Drivers Beware:
Lumbar Support Can Be Harmful To Your Health!


Head Posture and Vision

by Dennis Zacharkow, PT
© 2015

As early as 1865, Dr. Fahrner of Zurich, Switzerland stressed an important postural principle that is just as critical today: The first slight reaching forward of the head is the start of the postural collapse when sitting.1

This slight forward bend of the head, a major cause of neck pain, back pain, and headaches, is due to reading and writing at horizontal desks and gazing at computer screens, tablets, and smart phones that are positioned too low. Why does a horizontal desk for reading and writing or a low computer screen height result in the head being brought forward from its balanced, upright posture? Simply because the line of sight must be perpendicular to the book, paper, or screen in order to see it clearly (Figure 1).

(With computer work, there may be a slight trade-off regarding the line of sight being perpendicular to the screen. It may be necessary to tilt the screen downwards to avoid glare.)

Reading Posture

The correct position for reading while maintaining an upright head posture is with the book perpendicular to the line of sight, approximately 60 degrees from the horizontal, 14-20 inches from the eyes (depending on the print, light, and the eyes of the reader), and approximately at the height of the chin.2

Proper reading posture can be accomplished with an adjustable reading stand.

Writing Posture

Writing at a desk with a high inclination may cause books, papers, and pens to slide off the desk, and it may also lead to an increase in arm fatigue. Therefore, the best compromise for a writing surface is an inclination of 10 to 15 degrees from the horizontal, keeping the upper arm vertical, and the forearm inclined from the horizontal to coincide with the plane of the desk top inclination3 (Figure 2).

This inclination for writing can be accomplished on many desks by slightly elevating the two desk legs located furthest from the chair. The slightly inclined writing surface can then be enhanced with an adjustable reading stand for proper reading posture.

Computer Posture

Regarding computer work, the further one can sit from the screen, the better, as it is more relaxing for the eyes and reduces fatigue.4 This is why a large computer screen with greater height to the characters is recommended.4

The recommended viewing distance for current computer screens is approximately 25 to 40 inches from the eyes to the screen.5,6

To maintain an upright head posture with the eyes naturally directed slightly downward, the center of the computer screen should be positioned approximately 10 to 15 degrees below eye level (Figure 3).


  1. Fahrner: Das Kind und der Schultisch.

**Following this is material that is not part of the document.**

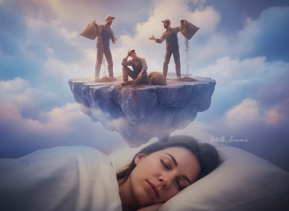 Снилось, будто я внизу наблюдаю за рабочими. Они ссыпают из мешков то ли землю, то ли стройматериалы. Один из них потерял равновесие и свалился вниз, ударился о камень. Я думала, что буду очевидцем неприятного, но он встал и начал говорить. Сотрудники объяснили ему правила безопасности. Непонятно кто эти люди и как этот образ относится ко мне?!

Zurich, Schulthess, 1865. Translated in Cohn, H.: The Hygiene of the Eye in Schools. London, Simpkin, Marshall and Co., 1886, pp. 94-98.
  2. Bennett, H.E.: School Posture and Seating. Boston, Ginn and Company, 1928.
  3. Freudenthal, A., van Riel, M.P.J.M., Molenbroek, J.F.M., and Snijders, C.J.: The effect on sitting posture of a desk with a ten-degree inclination using an adjustable chair and table. Applied Ergonomics, 22:329-336, 1991.
  4. Jaschinski-Kruza, W.: Visual strain during VDU work: the effect of viewing distance and dark focus. Ergonomics, 31:1449-1465, 1988.
  5. Grandjean, E.: Postures and the design of VDT workstations. Behaviour and Information Technology, 3:301-311, 1984.
  6. Jaschinski-Kruza, W.: Eyestrain in VDU users: viewing distance and the resting position of ocular muscles. Human Factors, 33:69-83, 1991.